Saw a CZ Firearms over and under 12 Gauge with a full range of chokes for 600. dollars. The shot gun is a nice gun and would do well in the duck blind.


----------



## deast1988

There was a Benelli M2 in the market place for $1050 or obo all chokes and stuff. under a G and it be a good deal. over not so much I have an M2 and its an awesome gun any 3in duck load is devoured. good balance also.


----------



## aabradley82

Japanese A5 magnum that has been hunted. Will be stomping ducks and your offspring for the next 100 years.  Best auto ever made except for a Double Automatic.


----------



## drdarby45

Theres also a beretta 390 in the marketplace for only 350$, has a bad camojob but thats still a good deal


----------



## Blue Petes

aabradley82 said:


> Japanese A5 magnum that has been hunted. Will be stomping ducks and your offspring for the next 100 years.  Best auto ever made except for a Double Automatic.



I Second That!


----------



## grouper throat

beretta 390 vote here too. I have one that has been through ALOT and is still reliable.


----------



## redman2006

I really liked the Beretta with the shims that can be changed out for better fit.  Drop, toe, etc can be adjusted that way.


----------



## MudDucker

If a grand is too much for a shotgun, duck hunting might not be your sport.  The gun is probably the cheapest part.


----------



## king killer delete

*This is the gun.*



aabradley82 said:


> Japanese A5 magnum that has been hunted. Will be stomping ducks and your offspring for the next 100 years.  Best auto ever made except for a Double Automatic.

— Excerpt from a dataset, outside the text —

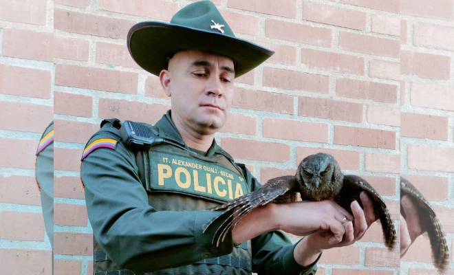 Como resultado de campañas de prevención para evitar la tenencia o tráfico de animales silvestres adelantadas por la Policía Nacional en Pasto a través del personal de la Seccional de Carabineros y Protección ambiental, se logró el rescate de un búho.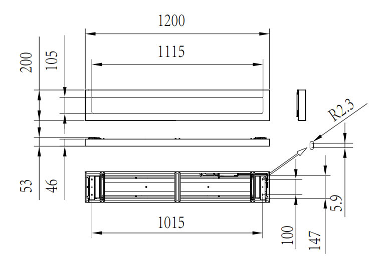 - Mitat (korkeus x leveys x syvyys): 53 x 200 x 1200 mm

 Before all the new guns came along you carried and a pump gun , normally an 870 or a Winchester Model 12. If you carried an auto it was an A5. to many times I have seen autos freeze and not shoot. I know all you young guys are going to praise your guns made in Italy. But I will tell I have hunted allot longer than the average guy on this forum. In the  1960s,1970s and 1980s a real duck hunter would not have been caught in a duck boat or a duck blind with a gun made outsisde of the U.S. Except a Browning. Anything  other than that was junk. Now that being said these guns from Italy have improved and the only person that carried a gun made Italy was James Bond and he even went German.LOL


----------



## pierce2988

*Is there something wrong with my Stoeger that I don't know yet*

I have a Stoeger 3500 that I haven't had a single issue with and its only a $600 shotgun. But maybe my gun is an exception? I like it tho.


----------



## duckcutter788

Try an Howa Escort.


----------



## labradoodle

killer elite said:


> Before all the new guns came along you carried and a pump gun , normally an 870 or a Winchester Model 12. If you carried an auto it was an A5. to many times I have seen autos freeze and not shoot. I know all you young guys are going to praise your guns made in Italy. But I will tell I have hunted allot longer than the average guy on this forum. In the  1960s,1970s and 1980s a real duck hunter would not have been caught in a duck boat or a duck blind with a gun made outsisde of the U.S. Except a Browning. Anything  other than that was junk. Now that being said these guns from Italy have improved and the only person that carried a gun made Italy was James Bond and he even went German.LOL




i guess you dont like olive garden either?


----------



## king killer delete

*I go back to my early years with my meat ball motor bike*



labradoodle said:


> i guess you dont like olive garden either?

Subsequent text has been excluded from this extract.